Segment Start: RAW DATA
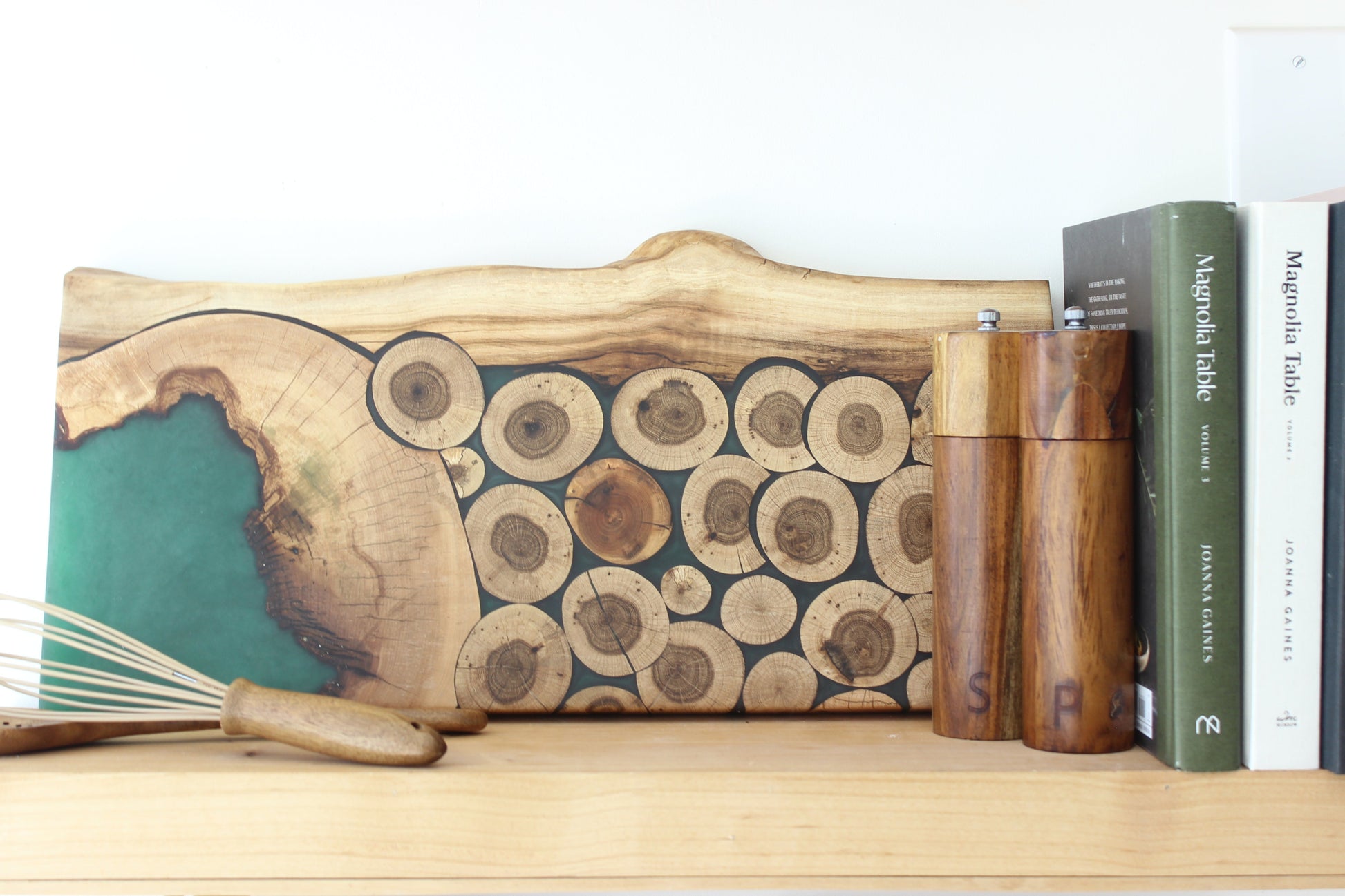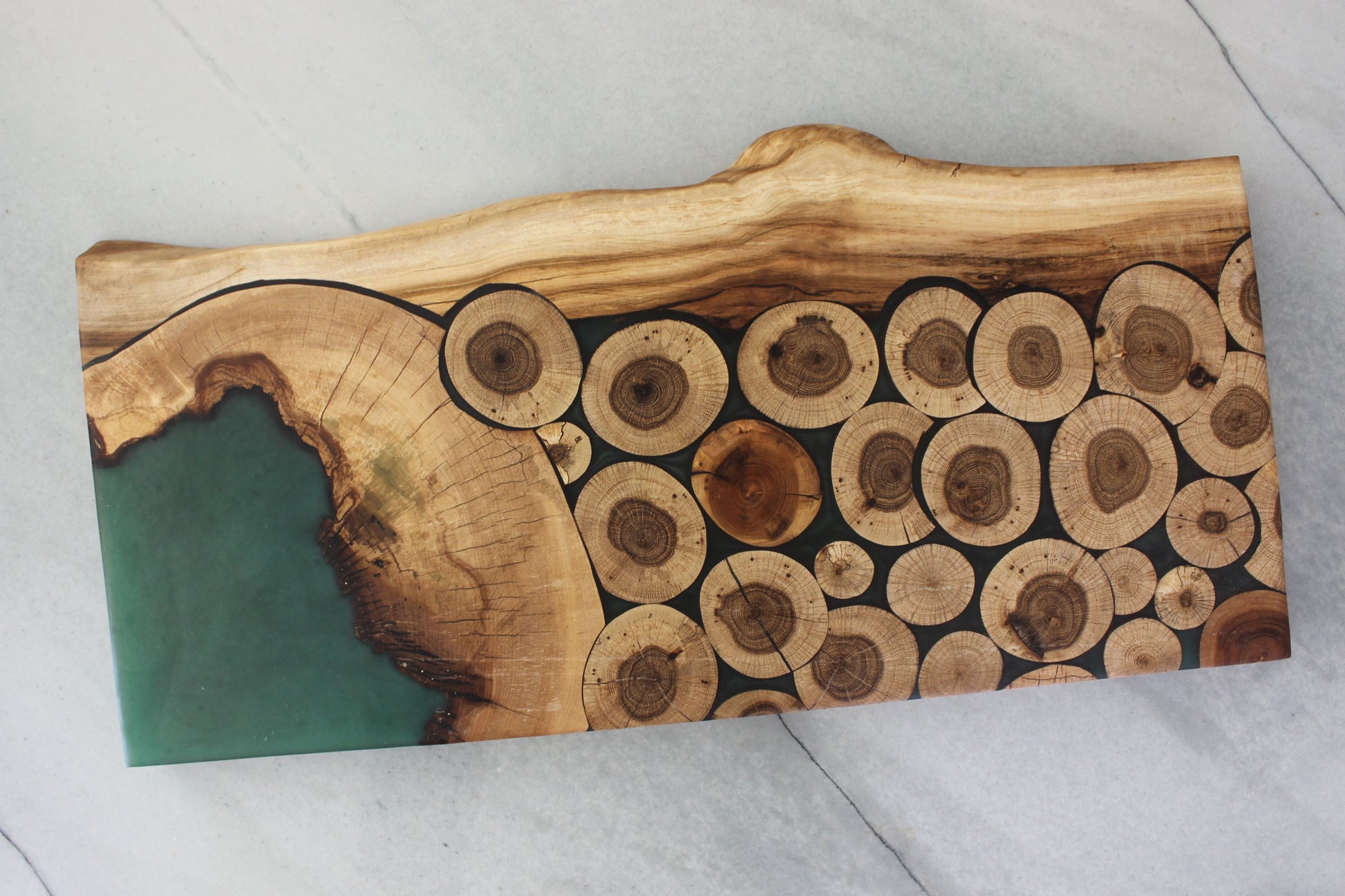 Artful and striking, our Blue-Green Resin & Wood Disc Board captures the beauty of nature in motion. Countless small wood discs are suspended in a flowing blue-green resin. The blend of earthy texture and vivid color makes this piece a captivating accent for any gathering.
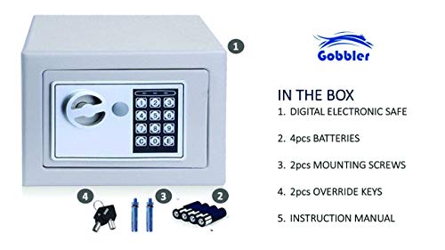 DIGITAL SAFE: Opens with digital pin code or override keys.PIN numbers can be programmed 3 to 8 digits long. Please read the manual carefully before use. If you face any technical issues contact GobblerSales.
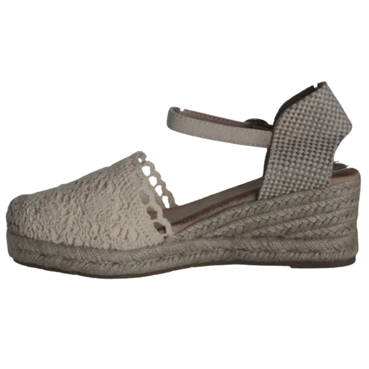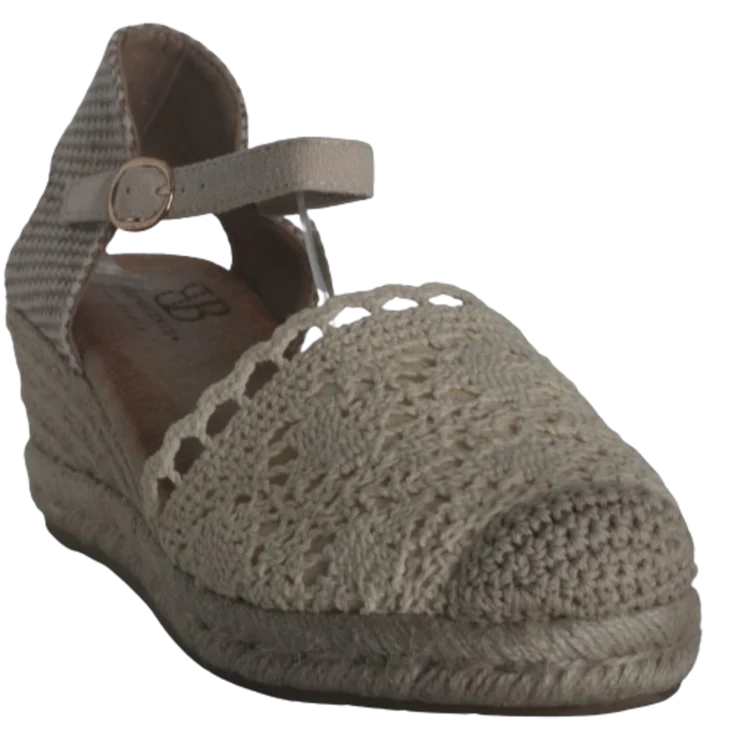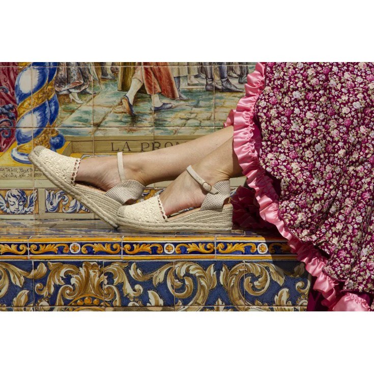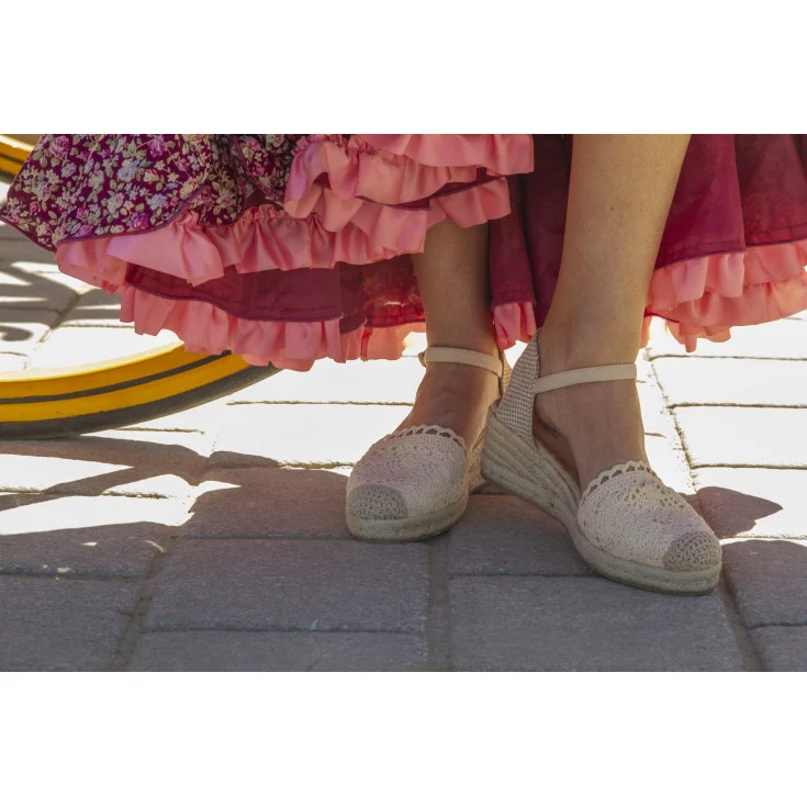 Esta cuña de esparto combina la tradición del trenzado natural con un empeine tejido de efecto crochet que aporta textura y personalidad. Su pulsera ajustable al tobillo garantiza sujeción y estabilidad, mientras la cuña de esparto estiliza la figura sin renunciar a la comodidad. Ideal para eventos de día, vacaciones o looks boho chic.
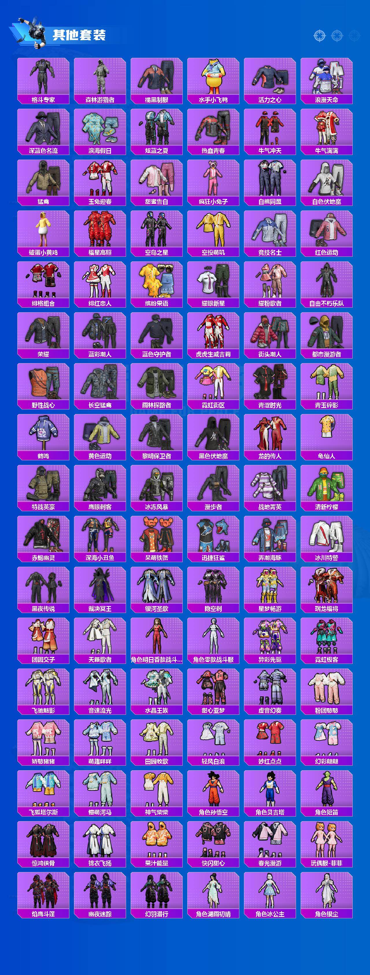 【粉色套装】:粉装-怪诞乔克,粉装-星之信仰,粉装-放客神游,角色-洛天依,角色-初号机款机体服,角色-呆萌星弥,角色-小可学妹,玩偶服-猪猪
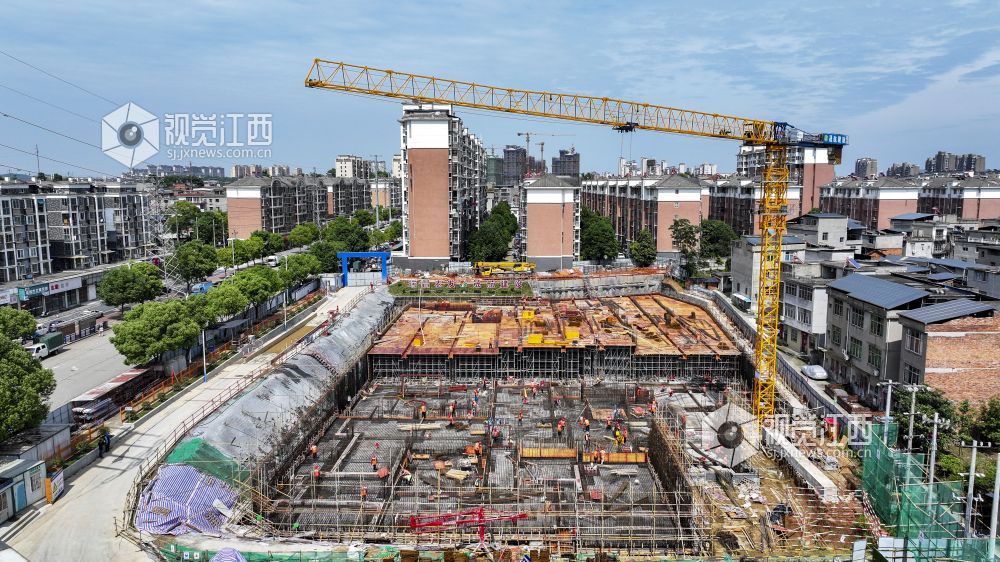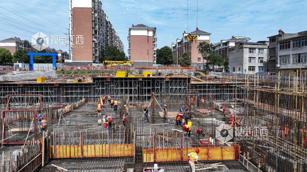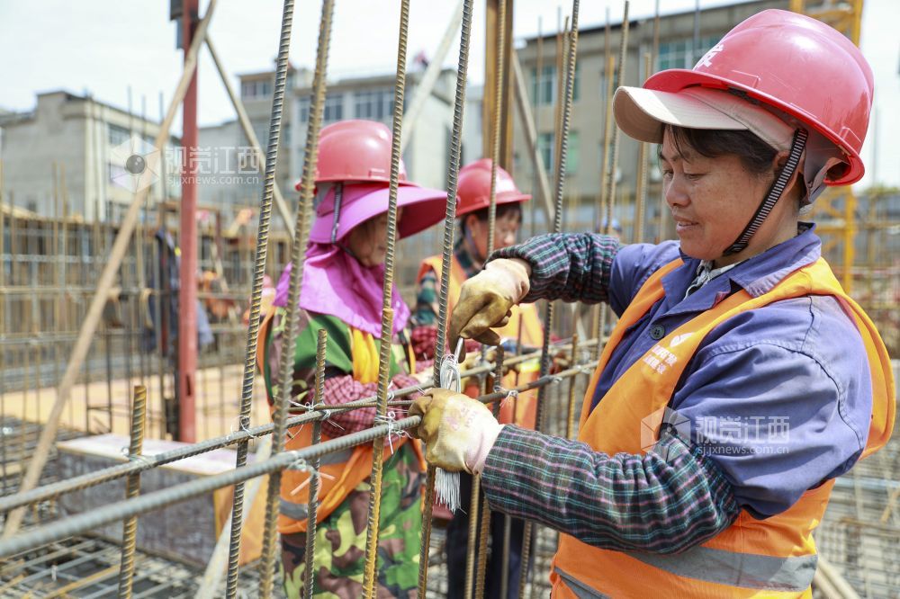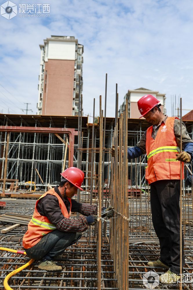2024年5月1日,“五一”国际劳动节,在江西省瑞昌市第九幼儿园项目建设工地,工人们正在加紧施工作业。
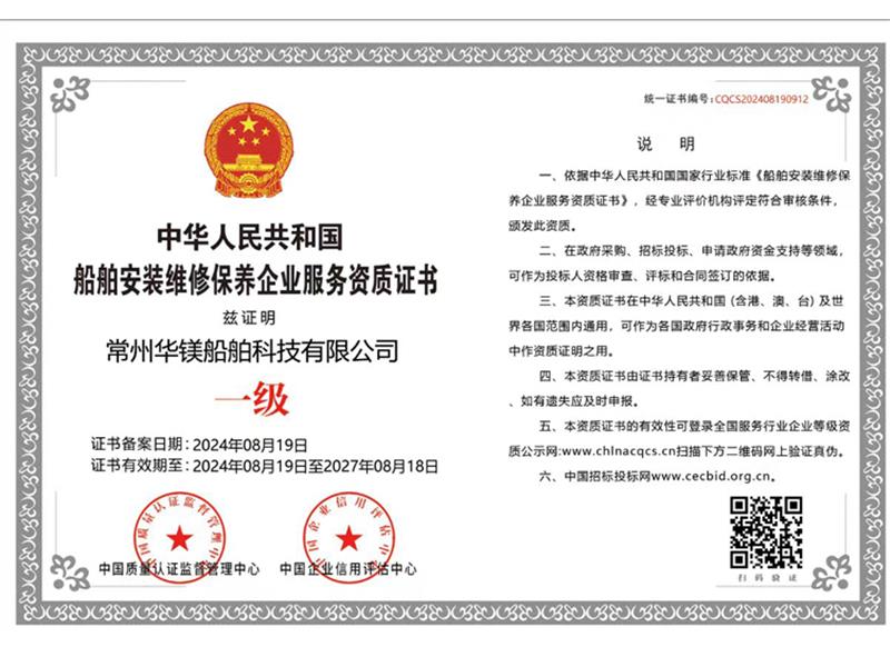 船舶安裝維修保養(yǎng)企業(yè)服務(wù)資質(zhì)一級(jí)證書
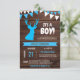 Fantastisches rustikales, Landdollarthema-Babyduscheneinladungen für Jungen. Blaues Silhouettedollarrotwild auf rustikalem Holz täfelt Hintergrund und hängende Bauchflaggen. Blaues /turquoise und weiße Farben auf braunem dunklem Holz. ITIS EIN JUNGE! Einladungs-Vorlagen. Editable Text. Get zusammenpassende Aufkleber!
Segment End: RAW DATA
- **YOUR TASK**
Please reproduce the records above exactly, omitting every picture.

- **TASK SOLUTION**
 Artful and striking, our Blue-Green Resin & Wood Disc Board captures the beauty of nature in motion. Countless small wood discs are suspended in a flowing blue-green resin. The blend of earthy texture and vivid color makes this piece a captivating accent for any gathering.
 DIGITAL SAFE: Opens with digital pin code or override keys.PIN numbers can be programmed 3 to 8 digits long. Please read the manual carefully before use. If you face any technical issues contact GobblerSales.
 Esta cuña de esparto combina la tradición del trenzado natural con un empeine tejido de efecto crochet que aporta textura y personalidad. Su pulsera ajustable al tobillo garantiza sujeción y estabilidad, mientras la cuña de esparto estiliza la figura sin renunciar a la comodidad. Ideal para eventos de día, vacaciones o looks boho chic.
 【粉色套装】:粉装-怪诞乔克,粉装-星之信仰,粉装-放客神游,角色-洛天依,角色-初号机款机体服,角色-呆萌星弥,角色-小可学妹,玩偶服-猪猪
2024年5月1日,“五一”国际劳动节,在江西省瑞昌市第九幼儿园项目建设工地,工人们正在加紧施工作业。
 船舶安裝維修保養(yǎng)企業(yè)服務(wù)資質(zhì)一級(jí)證書
 Fantastisches rustikales, Landdollarthema-Babyduscheneinladungen für Jungen. Blaues Silhouettedollarrotwild auf rustikalem Holz täfelt Hintergrund und hängende Bauchflaggen. Blaues /turquoise und weiße Farben auf braunem dunklem Holz. ITIS EIN JUNGE! Einladungs-Vorlagen. Editable Text. Get zusammenpassende Aufkleber!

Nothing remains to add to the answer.